True enough and exemplifies the stereotypical "wandering Jew".  But it is the culture that is the deteminant of one's ethnic origin so we are really talking about social history.  And it is what one eats that often defines one's ethnicity.  So, I direct you to Claudia Roden's excellent The Book of Jewish Food: An Odyssey from Samarkand to New York which is as much a  social history as it is a cookbook.  While arguably it is a "pop" reference  rather than a learned, academic,  work it traces the ethnicity of Jewish communities  the world over, clearly and accurately distinguishing by ethnic/cultural base, Ashkenazie and Sephardic.  Furthermore, as I said earlier the liturgies  in  religious services sublty differ, Ashkenazie  readings being noticeably longer .

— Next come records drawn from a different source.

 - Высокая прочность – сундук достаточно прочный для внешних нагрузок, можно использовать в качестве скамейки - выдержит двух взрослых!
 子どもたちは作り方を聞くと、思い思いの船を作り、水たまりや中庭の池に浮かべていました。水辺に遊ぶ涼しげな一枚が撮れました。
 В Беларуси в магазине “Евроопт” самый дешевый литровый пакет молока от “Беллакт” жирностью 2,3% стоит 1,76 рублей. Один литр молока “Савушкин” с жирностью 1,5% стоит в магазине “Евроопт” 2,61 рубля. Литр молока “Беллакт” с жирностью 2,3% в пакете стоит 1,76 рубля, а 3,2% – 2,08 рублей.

http://www.amazon.com/gp/product/product-description/0394532589/ref=dp_proddesc_0?ie=UTF8&n=283155&s=books

May I recommend the stuffed Hungarian peppers (pg. 168)
 
Shec said:
True enough and exemplifies the stereotypical "wandering Jew".  But it is the culture that is the deteminant of one's ethnic origin so we are really talking about social history.  And it is what one eats that often defines one's ethnicity.  So, I direct you to Claudia Roden's excellent The Book of Jewish Food: An Odyssey from Samarkand to New York which is as much a  social history as it is a cookbook.  While arguably it is a "pop" reference  rather than a learned, academic,  work it traces the ethnicity of Jewish communities  the world over, clearly and accurately distinguishing by ethnic/cultural base, Ashkenazie and Sephardic.  Furthermore, as I said earlier the liturgies  in  religious services sublty differ, Ashkenazie  readings being noticeably longer .

http://www.amazon.com/gp/product/product-description/0394532589/ref=dp_proddesc_0?ie=UTF8&n=283155&s=books

May I recommend the stuffed Hungarian peppers (pg. 168)

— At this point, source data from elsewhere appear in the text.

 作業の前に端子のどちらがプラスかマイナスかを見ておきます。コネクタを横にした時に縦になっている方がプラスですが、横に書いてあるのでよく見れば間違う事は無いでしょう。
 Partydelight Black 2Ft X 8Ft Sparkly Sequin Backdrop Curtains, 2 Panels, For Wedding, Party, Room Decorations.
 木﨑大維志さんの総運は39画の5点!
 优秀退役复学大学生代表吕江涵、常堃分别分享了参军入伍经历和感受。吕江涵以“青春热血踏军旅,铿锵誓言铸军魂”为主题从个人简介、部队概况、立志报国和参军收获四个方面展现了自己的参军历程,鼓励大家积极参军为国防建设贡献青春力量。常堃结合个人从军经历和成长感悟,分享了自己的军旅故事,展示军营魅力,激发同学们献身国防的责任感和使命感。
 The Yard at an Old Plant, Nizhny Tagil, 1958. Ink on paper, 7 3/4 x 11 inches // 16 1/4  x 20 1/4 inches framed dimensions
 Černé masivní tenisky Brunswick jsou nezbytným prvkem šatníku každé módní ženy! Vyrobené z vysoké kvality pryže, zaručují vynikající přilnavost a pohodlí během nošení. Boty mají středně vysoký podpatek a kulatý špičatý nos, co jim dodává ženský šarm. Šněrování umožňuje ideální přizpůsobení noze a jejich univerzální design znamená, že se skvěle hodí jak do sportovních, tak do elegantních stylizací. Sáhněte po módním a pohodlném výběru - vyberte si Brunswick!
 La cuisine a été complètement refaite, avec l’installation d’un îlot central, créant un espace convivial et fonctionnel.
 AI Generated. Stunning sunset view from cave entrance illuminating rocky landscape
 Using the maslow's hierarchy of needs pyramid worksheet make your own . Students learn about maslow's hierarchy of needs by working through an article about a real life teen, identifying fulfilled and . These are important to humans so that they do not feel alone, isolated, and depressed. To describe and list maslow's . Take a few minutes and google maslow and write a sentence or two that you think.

Most Spanish Jews that ended up in Eastern Europe were thoroughly assimilated into the Ashkenazi population.

Shimon Peres may have a Spanish name but is a Belarus born Ashkenazi Jew, just like I have a German name but am a thoroughly Heinz 57 Canadian.
 
Fascinating stuff, but it has as much to with the topic as the Battle of Baden Hill.
 
Dennis Ruhl said:
Don't know what the problem with your search engine is?

Actually I never thought of using a search engine - bad on my part. However, we seem to be wandering from the original subject. I would like to discuss this subject so may be this should split this off into another thread?